- [About this exercise]
Of all the lines in the entries, how many carry the word "joueur"? The reply is that number and no more.

- [Collected data]

╭──

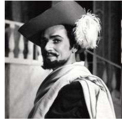
Георг Отс (1920-1975) эстонский оперный певец
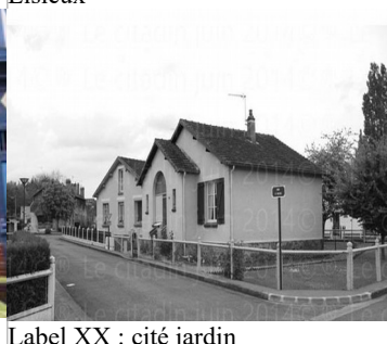
Label XX : cité jardin
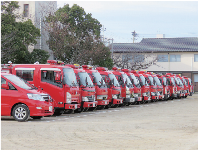
整列している消防ポンプ車
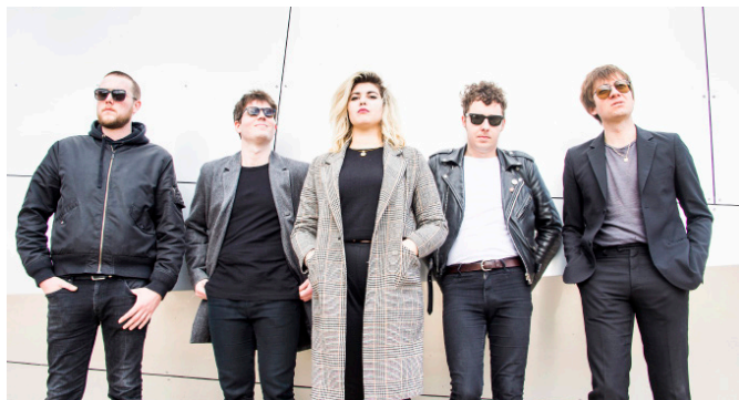
Metro Verlaine
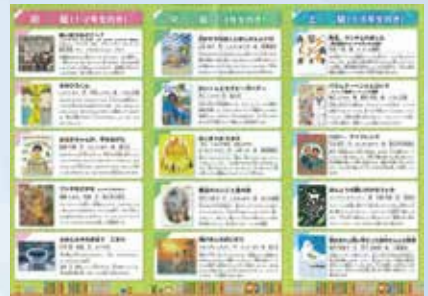
「よまれたがりやの本たち」中面

今、興味をもてることがないという人には、本の内容を書いたガイドブックなどもヒントになりますので、活用してください。
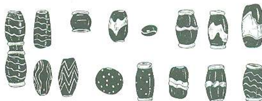
Різновиди оздоблення давньоруських скляних намистин

Значно рідше вітчизняні склярі виготовляли декоровані намистини, для яких використовували зазвичай двошхтове скло. Матриці робили, навиваючи розігріту скляну паличку на металевий стержень, потім розплавленою скляною ниткою іншого кольору на матрицю накладали рельєфний візерунок, а насамкінець краї намистин оздоблювали обідками (в деяких кораликах обідків немає).
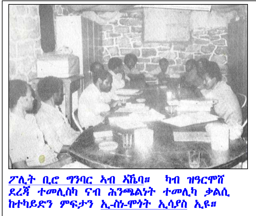
ፖሊት ቢሮ ግንባር ኣብ ኣኼባ። ካብ ዝዓርሞሽ ደረጃ ተመሊሰካ ናብ ሕንጫልነት ተመሊካ ቃልሲ ከተካይድን ምፍታን ኢ-ሰነ-ሞጎት ኢሳያስ ኢዩ።

እዛ ንነብረላ ዓለም ንሕና ደቂ ኣዳም ክንቅይሮ ዘይገኽእል ናይ ባዕላ ዝተፈላለዩ ቀየድቲ ሕግታት ወይ ስነ ሞጎታት ኣለውዮ። ሓደ ካብዞም ሕግታት፣ ሞጎታዊ ምዕ ባሌታት ናይ ኣፈጣጥራ ሂወት ኢዩ። መብዛሕቶም ፍጡራት ካብ ዘርኢ ተባዕታትይን ኣንስታይን ግኹኹም፣ ኣብ ማህጸን ድቂ ኮይኖም ተጠኒሶም መድረኽ ብመድረኽ ግዜ እናሓለዉ ካብ ዝነኣሰ ኣሃዱ ናብ ዝዓበዩ ኣካላት እናዓበዩ ኢዮም ዝምዕብሉ። ምስተወልዱ ከኣ ደርጃ ብደርጃ ይፍርዝኑ፣ ይዓብዩ፣ ይጉብዙ፣ ይኣርጉ። መወዳእታ ከኣ ካብዛ ዓለም ሞይቶም ይሓልፉ።
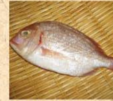
7月18日(土) めでたい! 次女のお祝いにおいたいただいた鯛の“尾頭付き”、今晚焼かれ、食卓に登場します。
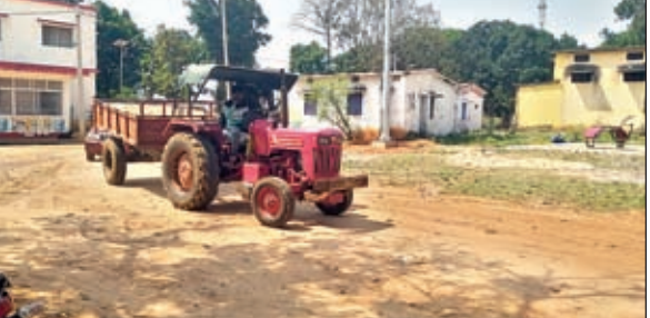
अवैध बालू लदा जल ट्रैक्टर
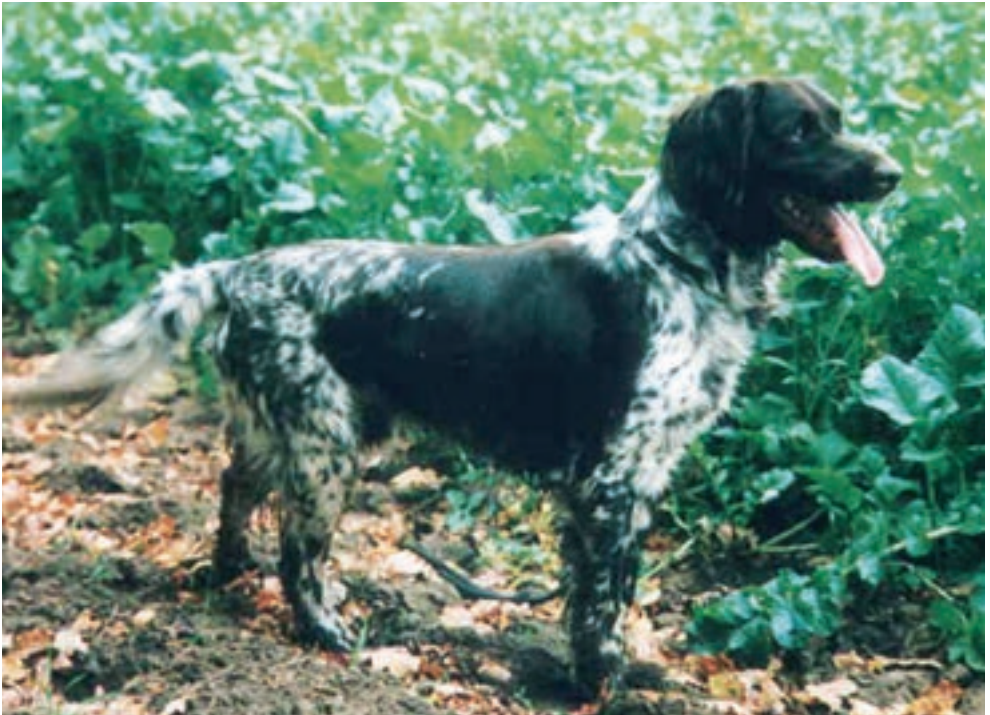
Nero vom Eusternbach 98-0835, † 08.01.2015
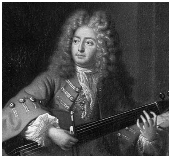
Marin Marais (1656–1728)

A hólyagban képződő kő (gyakran több kő) nagyon súlyos panaszokat okoz. Állandó erős vizelési inger, görcsös vizeletürítés, véres vizelet, vizeletelakadás, vizelési képtelenség gyötrik a beteget. A hólyagkő eltávolítására alkalmazott műtéti eljárást, a gát felől végzett kőmetszést, a perineális lithotomiát, Aulus Cornelius Celsustól (Kr. u 1. évszázad) származtatják ugyan az orvostörténészek, de a kb. 300 évvel előbb élt Hippokratész esküjében már szerepel az a kitétel, hogy „Kőmetszést nem végzek, átengedem az
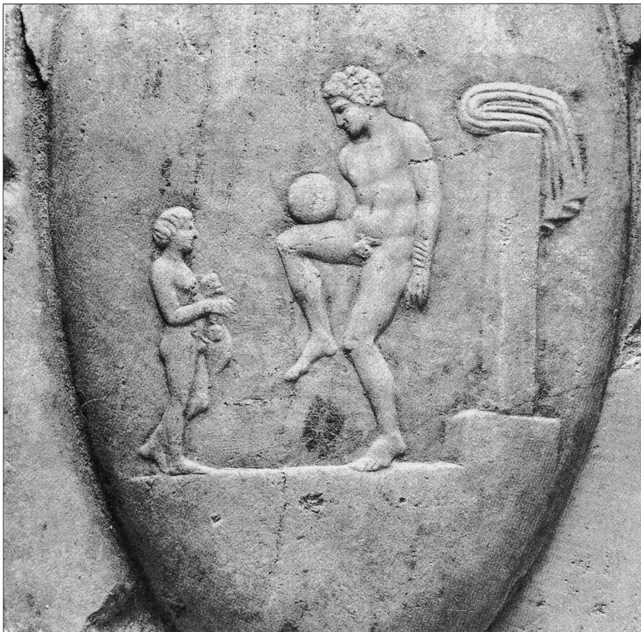
Cette stèle funéraire en marbre représente le premier joueur de football de l'histoire du sport, dit-on (I er siècle avant J.-C.). Elle fait partie de l'exposition «Le Corps et l'Esprit» présentée par la Fondation de L'Hermitage à Lausanne (voir ci-contre).

Rien n'y fit: on jouait toujours et de plus en plus violemment. Dans le «Roi Lear», Shakespeare qualifie un de ses personnages de vil joueur de ballon , ce qui veut tout dire. La violence était telle qu'on pria dans les églises: ... Seigneur, éloignez de nous ce jeu. Qui est
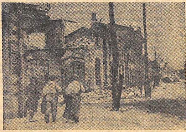
КІРОВОГРАД, ВУЛ. КАРЛА МАРКСА. 1944 Р.

Зроби своє місто ще кращим. Хай засміються нові квартали й вулиці... То буде найкраща пам'ять твоя про біліц 2-го Українського, що, посмилючи претирство смерті, гнали фашистів з рідної землі.
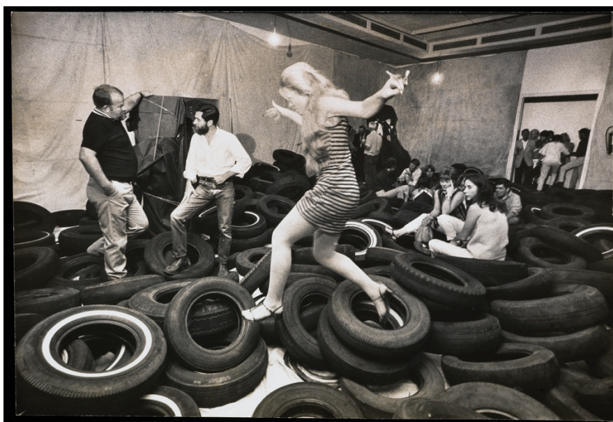
(図1) アラン・カプロー 《ヤード》 1967年

╰──

- [Finished task]
2